Zoey!!! Also, you are such a bad ass!


----------



## Velocipedist Co. (Jun 7, 2017)

fordmike65 said:


> Well....come on! How does she ride????





Awesome!!!!


----------



## Bikermaniac (Jun 7, 2017)

Man, that's a museum piece. I never thought that pinion gear adjustment could be so complicated. Good work.


----------



## fat tire trader (Jun 9, 2017)

Have you or anyone found a good tool for adjusting the head set lock nuts on these bikes that just have a single pin hole?
Thanks,
Chris


----------



## Velocipedist Co. (Jun 27, 2017)

fat tire trader said:


> Have you or anyone found a good tool for adjusting the head set lock nuts on these bikes that just have a single pin hole?
> Thanks,
> Chris




Havent found a good tool.. I've used a tiny drift and small taps in the past.  Again, there were special tools included with these bikes when new.  I'd love to find a set.


----------



## mfhemi1969 (Jun 28, 2017)

Velocipedist Co. said:


> View attachment 478230



Never saw one of these torn down, I find this very interesting.

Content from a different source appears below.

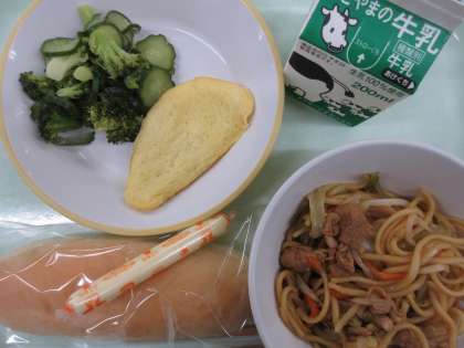 今日の献立は、コッペパン オムレツ ドレッシングサラダ 焼きそば 棒チーズ です。

Thanks for the post, I also love the dog photo bomb... LOL


----------



## fat tire trader (Jun 29, 2017)

Velocipedist Co. said:


> Havent found a good tool.. I've used a tiny drift and small taps in the past.  Again, there were special tools included with these bikes when new.  I'd love to find a set.



I've been looking for a new tool that works. I ordered one, but it does not fit. Still looking, might make one. Thanks.


----------



## jaidecker (Sep 28, 2017)

newbie question, but where do i look on my chainless pope for the year and model?


----------



## Velocipedist Co. (Sep 28, 2017)

jaidecker said:


> newbie question, but where do i look on my chainless pope for the year and model?




Start with the badge and reference MrColumbia's website for identifiers like model numbers and badge design.

http://www.vintagecolumbiabikes.com/id79.html


----------